プラットフォームソリューション事業(決済・マーケティング)
グループの売上の主軸を担うセグメントです。
決済代行事業(DGフィナンシャルテクノロジー)
子会社のDGフィナンシャルテクノロジー(旧ベリトランス)が国内最大級の決済代行サービスを提供しています。クレジットカード決済・コンビニ払い・QRコード決済(Cloud Pay)・キャリア決済など多彩な決済手段を、EC事業者・小売店・飲食店などに提供しています。2025年3月期の決済取扱高は7.5兆円に到達し、2028年3月期には15兆円規模を目指す計画です。QRコード決済「Cloud Pay」は取扱高1兆円を突破し、年平均成長率+48%(2022〜2025年)で市場成長の約1.7倍のペースで拡大しています。大手アライアンスパートナーとして、りそなホールディングス・東芝テック・JCB・ANA・KDDIグループ・Squareとの協業を推進しています。
デジタルマーケティング事業
さまざまな業界のクライアントに対し、戦略立案からクリエイティブ制作まで、デジタル・リアル領域を一気通貫した幅広いマーケティングソリューションを提供しています。
ロングタームインキュベーション事業
フィンテックサービス等の戦略事業開発を行うセグメントです。決済以外の新規フィンテック領域への展開や、特定の成長分野における長期的な事業育成を担います。
グローバル投資・インキュベーション事業
国内外の有望なスタートアップへの投資・育成・モニタリングを行うセグメントです。DGインキュベーションを中核として、「Open Network Lab・ESG1号"Earthshotファンド"」「札幌イノベーションファンド」「Hamagin DG Innovation Fund」の3ファンドを運営しています。2008年からTwitter(現X)社と資本業務提携を結び、2011年の日本法人移管まで日本展開を支援した実績をはじめ、カカクコム(2002年に子会社化、2003年東証マザーズ上場支援)など、著名なインターネット企業のインキュベーション実績を持ちます。
株式会社デジタルガレージの強み
強み1. 決済取扱高7.5兆円・国内最大級の決済インフラを持つ
DGフィナンシャルテクノロジーは決済代行業界における主要プレーヤーの一角を占めており、取扱高7.5兆円(2025年3月期)という規模は社会インフラ的な存在感を持ちます。QRコード決済「Cloud Pay」は取扱高1兆円突破・年平均成長率+48%と、キャッシュレス化の波を捉えて急成長しています。この決済プラットフォームを基盤に、大手金融機関・流通企業との協業が積み上がっており、転職者にとっては「フィンテックの最前線で、スケールの大きな事業に携わる経験」が得られます。

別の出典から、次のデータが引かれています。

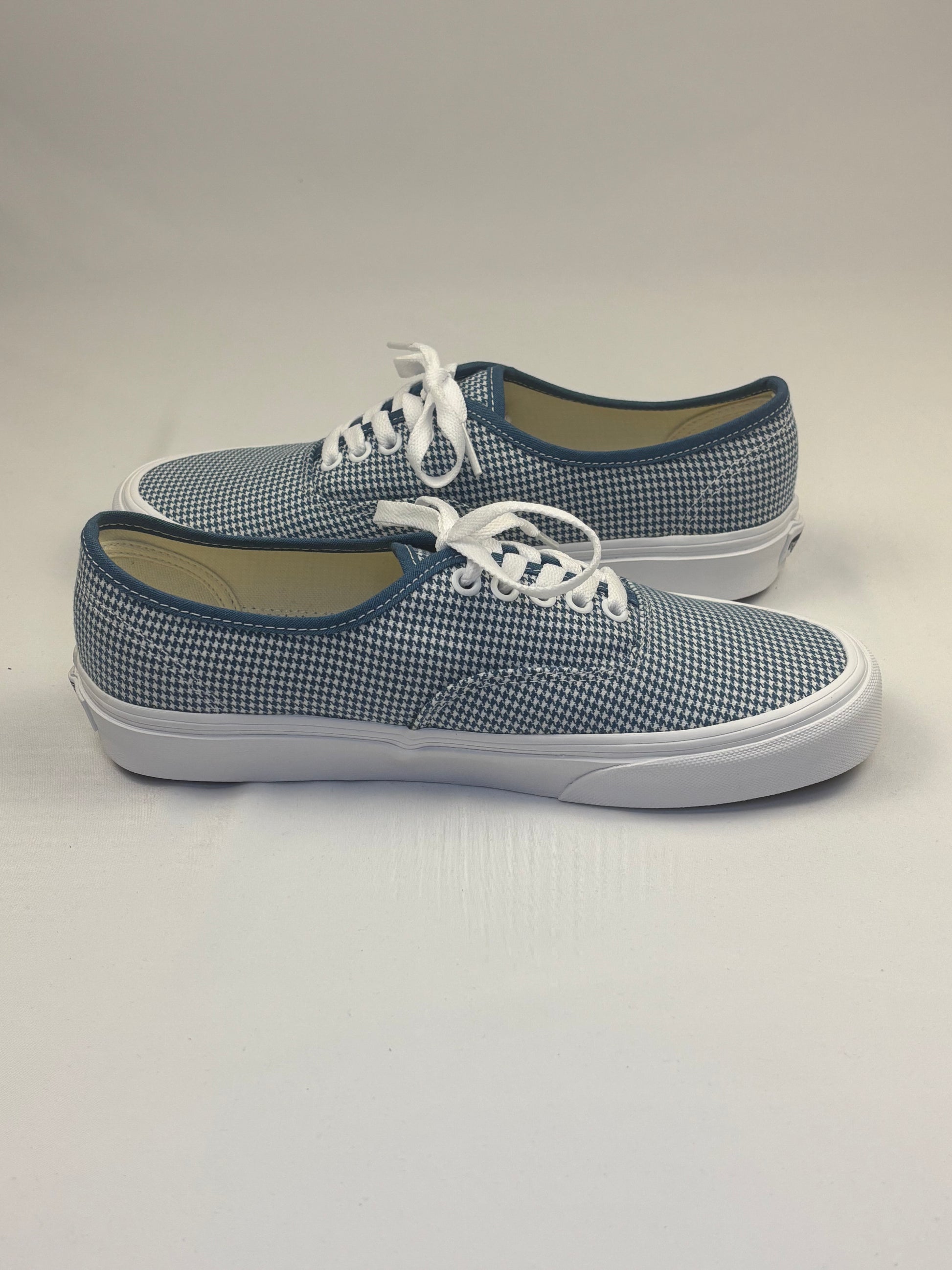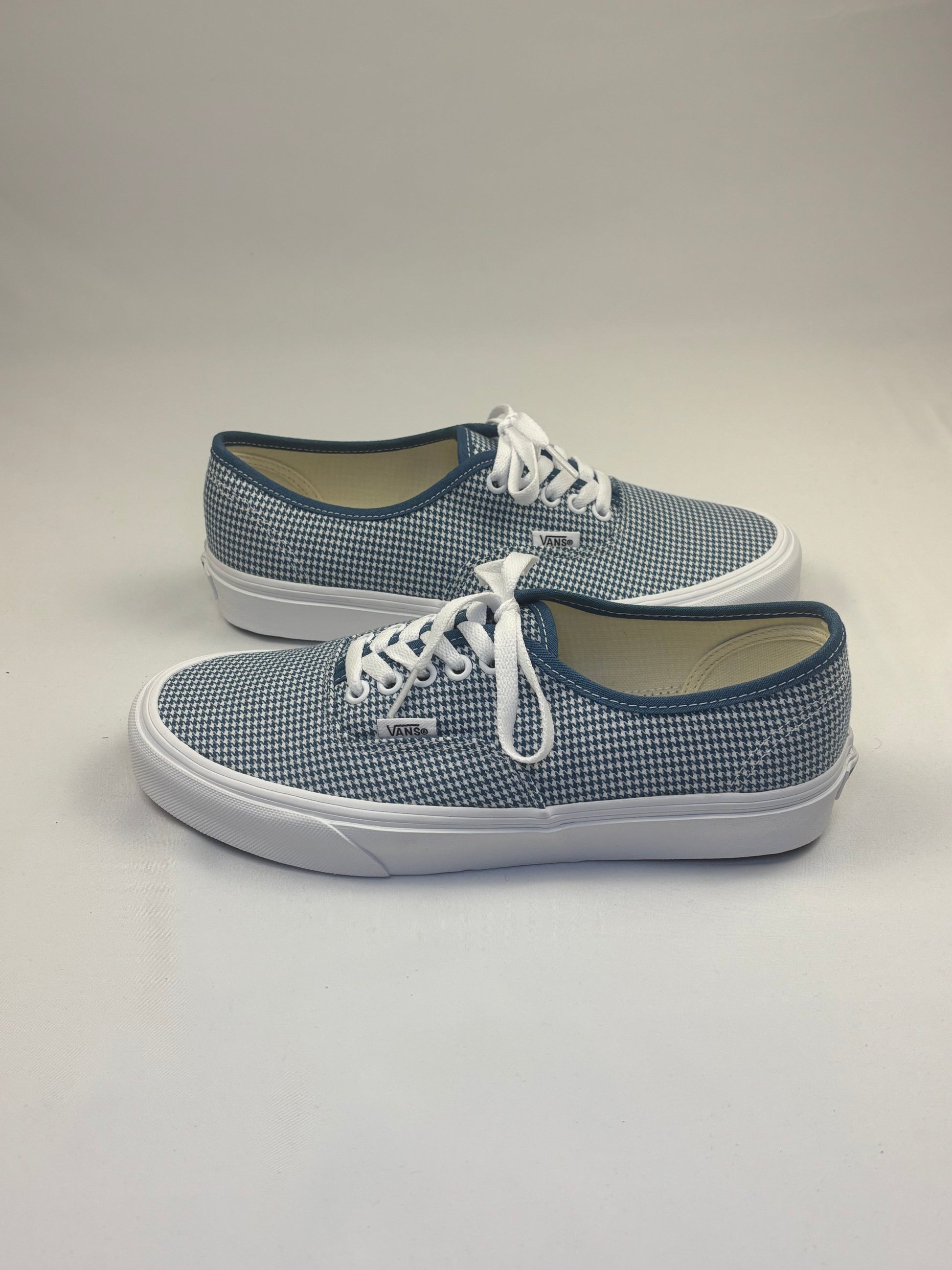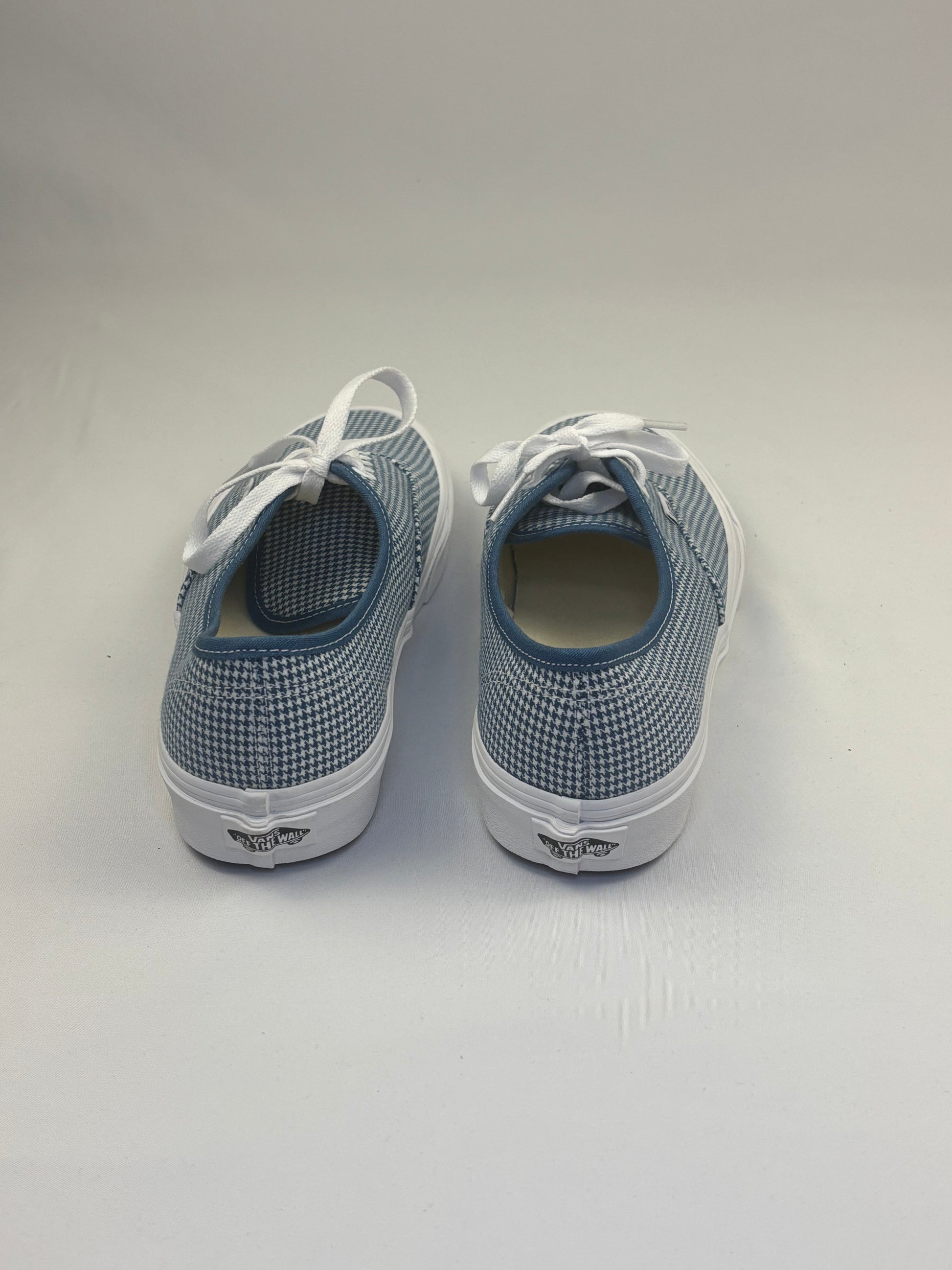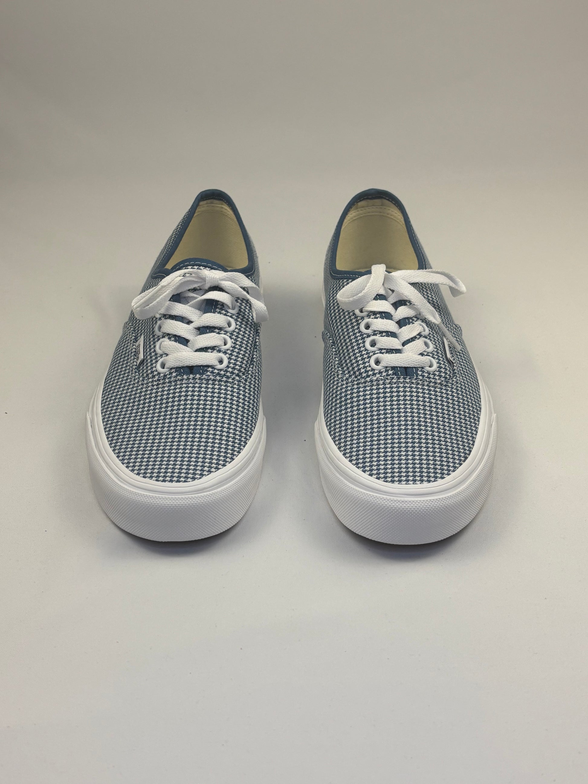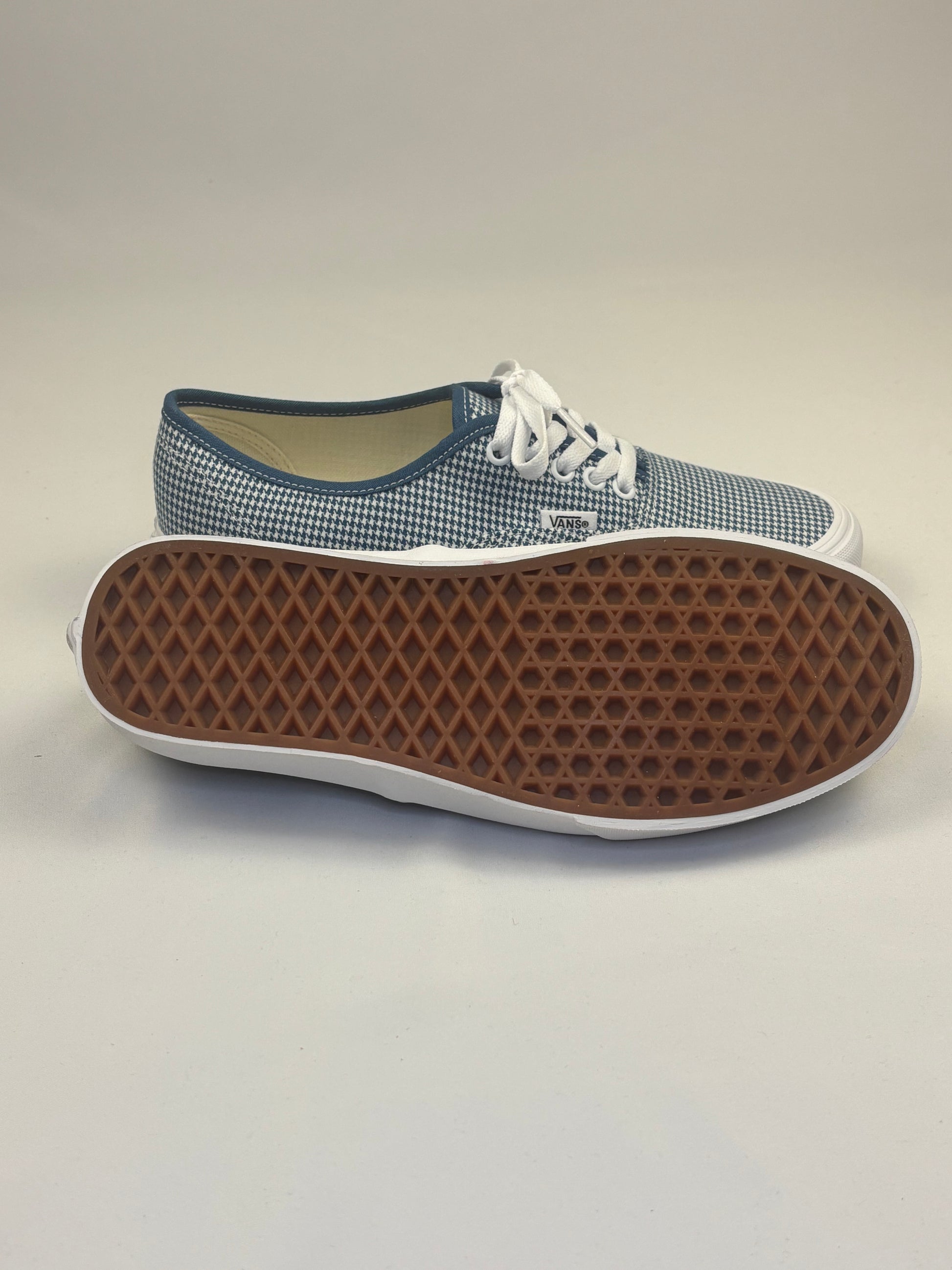Vans Authentic Sneaker setzen auf ein auffälliges, aber elegantes Design mit einem feinen Hahnentritt Muster in Blau-Weiß. Das gesamte Obermaterial besteht aus Textil mit gewebter Struktur, das dem Schuh eine besondere Optik und Haptik verleiht.

強み2. 創業30年超のインターネット先駆者としての信頼と人脈
1995年の創業から今日まで、デジタルガレージはTwitter日本展開支援・カカクコムのインキュベーションをはじめ、日本のインターネット産業の転換点に深く関わってきました。その積み重ねにより、国内外のインターネット企業・スタートアップ・金融機関との幅広い人的ネットワークが形成されています。30年超の事業経験が蓄積されているため、業界知見・ビジネスパートナーとのコネクション、インキュベーションの知見が豊富です。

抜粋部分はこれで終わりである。